State of grace provide fire
Sacraments provide fuel
Prayer supplies air

Prayer and sacraments complimentary but independent

  1. What is the difference between prayer before the Tabernacle and prayer at home?

  2. What is the difference between God indwelling in us by being in a state of grace and God indwelling in us during Communion?

  3. Can someone in mortal sin receive actual grace? is this e.g. grace of repentance?

  4. Why are the rosary and stations of the Cross considered to be the best prayers?

  5. Is thinking of God a prayer? What about studying theology? I wonder if my prayers are not really prayers but a sort of spiritual gluttony. For me, reading about God and the Saints is easy, but rosary is hard.

To me, I think prayer transform me to be able to see the Lord’s blessings, more than I think I get points, for example, for asking Him for stuff that I probably don’t need.

As far as what is prayer, many Catholics aren’t aware of the richness of Catholic prayer “techniques,” especially contemplative, although the CCC marks them as very important.

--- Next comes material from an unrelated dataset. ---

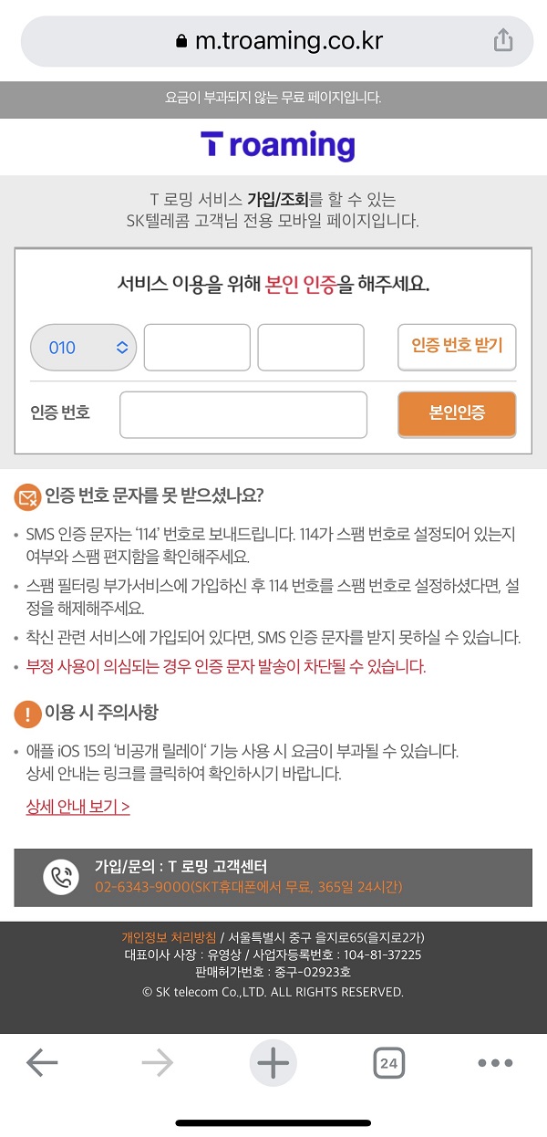 SK로밍 모바일 신청방법, 법인폰 티로밍 이렇게 하세요.

The CCC (2697-2724) on Christian prayer.

A lot of people say, “make your whole life a prayer.” Some think that is silly and cliche but I do not. Perhaps it is most often a cliche, but that’s another matter. I think that a person who has spent the time and effort to really hear Christ’s teachings and become one with His Word – not just literally but unitive (see above CCC sections on prayer) – will transform into a mentality that practically every moment and every decision is a joy because once the heart becomes transformed, behaving as a Christian and doing the Right Thing for the situation becomes natural as opposed to contrived and strained. So yes, “make your life a prayer” may seem superficial to those who have not experienced it, and frankly I can see why with all the hypocracy, emotion-as-faith, and cliches that are bandied about in the name of God.

Alan

I agree to making life a prayer. A day spent in God doing ordinary things is far better than a day of excitement without God, that’s for sure.